[Stored items]
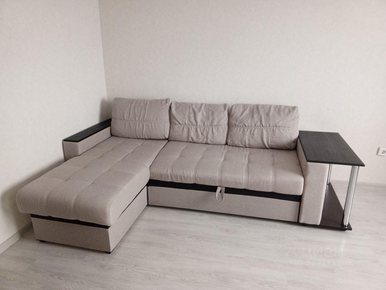 В комнате диван, подставка под телевизор. Вместит...
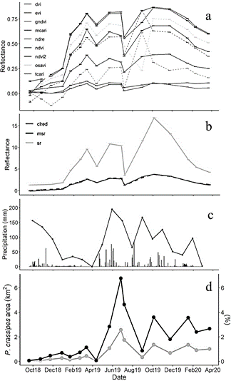 P. crassipes cover was positively correlated with VIs (Table 4), with significant values mainly at 1 and 3-month lags. The higher correlations were obtained for 1-month lags with indices Cl red edge, MSR, NDVI, EVI, and NDVI2, with VIs leading water hyacinth behavior. Correlations for the same month were statistically significant only for NDVI and NDVI2. In Figs. 6c and 6d, the behavior of P. crassipes was similar to monthly precipitation time series, but it had an apparent delay, with increased water hyacinth cover occurring after periods of higher precipitation. This coincides with the correlation between precipitation and P. crassipes cover at a 1-month lag, with P. crassipes expansion periods occurring during months after increased monthly precipitation.
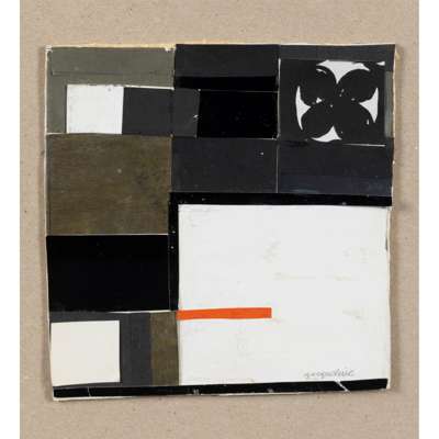 signed Jacqueline in pencil (lower right), collage and mixed media
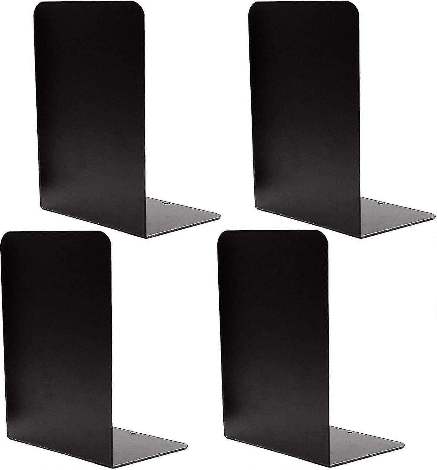 4pcs Heavy Duty Black Decorative Metal Bookends,metal Book Ends Supportwith Non-slip Rubber
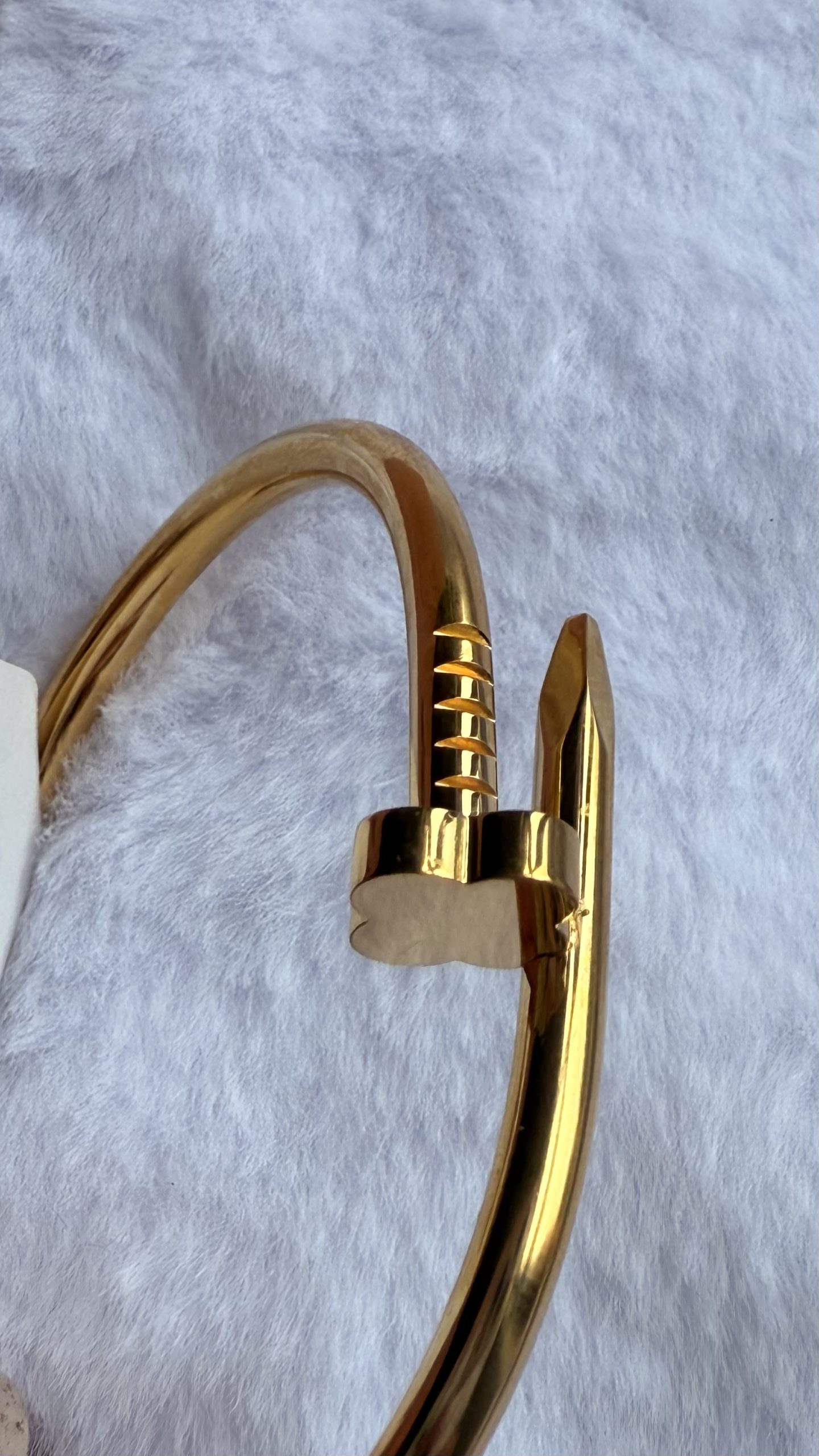 Gold Plated stainless steel waterproof solid bracelet with spike and clover detail.

*Problem to work on*:
Reproduce exactly, and only, the lines from the one containing "signed Jacqueline in" through the last line of the records above, both included, leaving out any pictures.

*Result*:
 signed Jacqueline in pencil (lower right), collage and mixed media
 4pcs Heavy Duty Black Decorative Metal Bookends,metal Book Ends Supportwith Non-slip Rubber
 Gold Plated stainless steel waterproof solid bracelet with spike and clover detail.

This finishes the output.